EXCERPTED RECORDS

☆ ☆ ☆ ☆ ☆ ☆ ☆

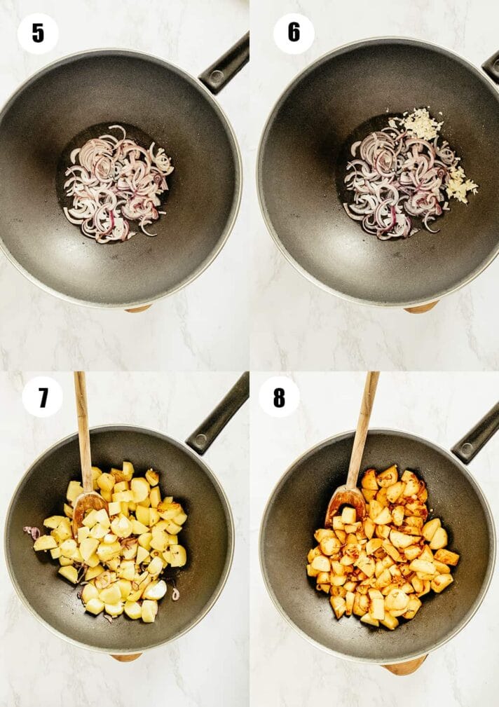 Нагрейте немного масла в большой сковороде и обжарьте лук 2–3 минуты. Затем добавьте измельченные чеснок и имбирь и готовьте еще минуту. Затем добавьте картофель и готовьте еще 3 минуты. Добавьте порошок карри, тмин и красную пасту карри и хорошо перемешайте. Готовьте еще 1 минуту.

☆ ☆ ☆ ☆ ☆ ☆ ☆

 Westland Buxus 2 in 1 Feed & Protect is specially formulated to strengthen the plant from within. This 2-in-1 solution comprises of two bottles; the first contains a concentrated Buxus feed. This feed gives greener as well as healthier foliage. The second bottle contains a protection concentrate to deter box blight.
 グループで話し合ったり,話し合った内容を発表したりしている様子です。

☆ ☆ ☆ ☆ ☆ ☆ ☆

EXERCISE GOAL
Taking the entries above, print exactly the lines starting at the line with "Westland Buxus 2" and ending at the line with "グループで話し合ったり,話し合った内容を発表したりしている様子です。", both included.

SOLUTION TO THIS PROBLEM
 Westland Buxus 2 in 1 Feed & Protect is specially formulated to strengthen the plant from within. This 2-in-1 solution comprises of two bottles; the first contains a concentrated Buxus feed. This feed gives greener as well as healthier foliage. The second bottle contains a protection concentrate to deter box blight.
 グループで話し合ったり,話し合った内容を発表したりしている様子です。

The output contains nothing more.